P@P: First, it’s so exciting to see your photo on the cover of the new issue of The Public Historian—Congratulations!  Can you tell us how that came about?

RR: Thank you! I knew The Public Historian was publishing a special issue about childhood, gender, and play, but it was a surprise when the editor contacted me about using one of my photos for the cover. It’s such an honor to have my work recognized by colleagues in the field.

P@P: More than 3000 people follow your Instagram feed, @iamexcessivelydollverted.  When and why did you launch that project?  And how do you use this platform as a public historian?

RR: I began @iamexcessivelydollverted three years ago as a way to discuss and expand upon aspects of history related to American Girl’s historical characters. Over time, the project has transformed into a discussion of the history that is overlooked by American Girl. In recent years, American Girl has introduced more characters from marginalized backgrounds, but the vast majority of the dolls they sell are white and all but two of their historical characters are Christian. I am really interested in the idea of historical fiction as public history and how we can use fiction as an entry into understanding history, so I began creating my own historical characters from time periods and marginalized communities overlooked by American Girl. I use these original historical characters to discuss histories of non-white and non-Christian communities in the United States and elsewhere. I also use this project to connect history to contemporary events. All of American Girl’s canonical historical characters fight for justice and equality in their books, so it makes sense to me to use these historical characters to discuss contemporary issues of justice and equality and to trace how contemporary racism, sexism, and inequality is rooted in history.

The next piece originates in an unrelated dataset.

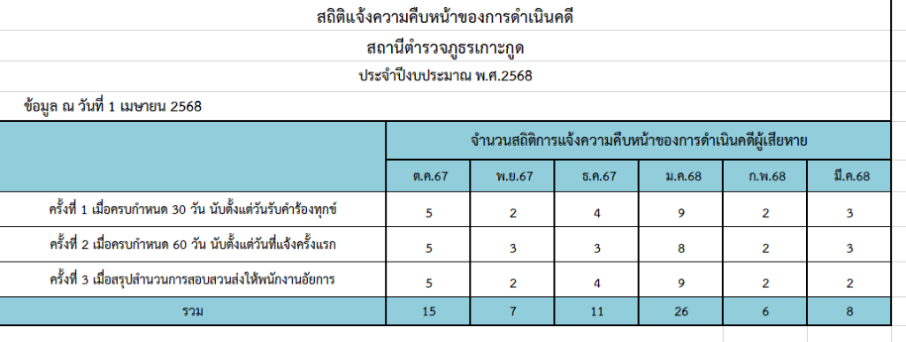 ข้อมูลสถิติแจ้งความคืบหน้าของการดำเนินคดี

As a public historian, this project is an extension of my other work. I typically write history articles for online and print outlets, on topics ranging from suffrage history to environmental history. On @iamexcessivelydollverted, I often discuss topics that I’ve written about for websites and magazines, but I’m able to interact with a different readership—over half of my followers are 18-34 years old and the majority are women. Too often, history writing aimed at a popular audience is synonymous with weighty tomes about men written by men. By using American Girl dolls to discuss history for a popular audience, I’m fighting against that stereotype; writing popular history is and should be a feminist act.

American Girl dolls dressed as early 20th-century suffragists used for the cover of The Public Historian’s February 2021 Issue.

An American Girl doll in front of Herter from Rebekkah’s first doll photoshoot in 2017

P@P: Public historians often emphasize the importance to our practice of the co-creation of knowledge.  How does the platform here—Instagram—shape your ability to connect with your audience?

RR: One of my favorite parts about having @iamexcessivelydollverted on a social media platform is that I’m able to collaborate and communicate with the folks who are reading my work. Collaboration is such an integral part of public history work, but because of the nature of writing popular history, I typically have few opportunities to collaborate with others. On @iamexcessivelydollverted, I’ve worked with a middle-school teacher to research the history of Black women’s church clothing, sparked by a bright green dress that American Girl made for Melody, their Civil Rights-era character. I’ve worked with an artist who illustrated a caption I wrote about how American Girl’s historical Jewish character, Rebecca, would have celebrated the springtime holiday of Purim in New York City in the 1910s. I also use @iamexcessivelydollverted to talk about what public history is and what it means to be a public historian, and, as a result of some of those conversations, I’ve met aspiring public historians and I was invited to speak with undergraduate students in an African-American history seminar at Converse College in South Carolina.

P@P: At UMass, you focused on our concentration Writing Beyond the Academy; in fact, that’s part of what drew you here for your graduate work.  This week we welcome our sixteenth Writer-in-Residence, the historian and filmmaker Gregg Mitman.  Now that you are a few years beyond graduation, what stands out to you about your studies in this area?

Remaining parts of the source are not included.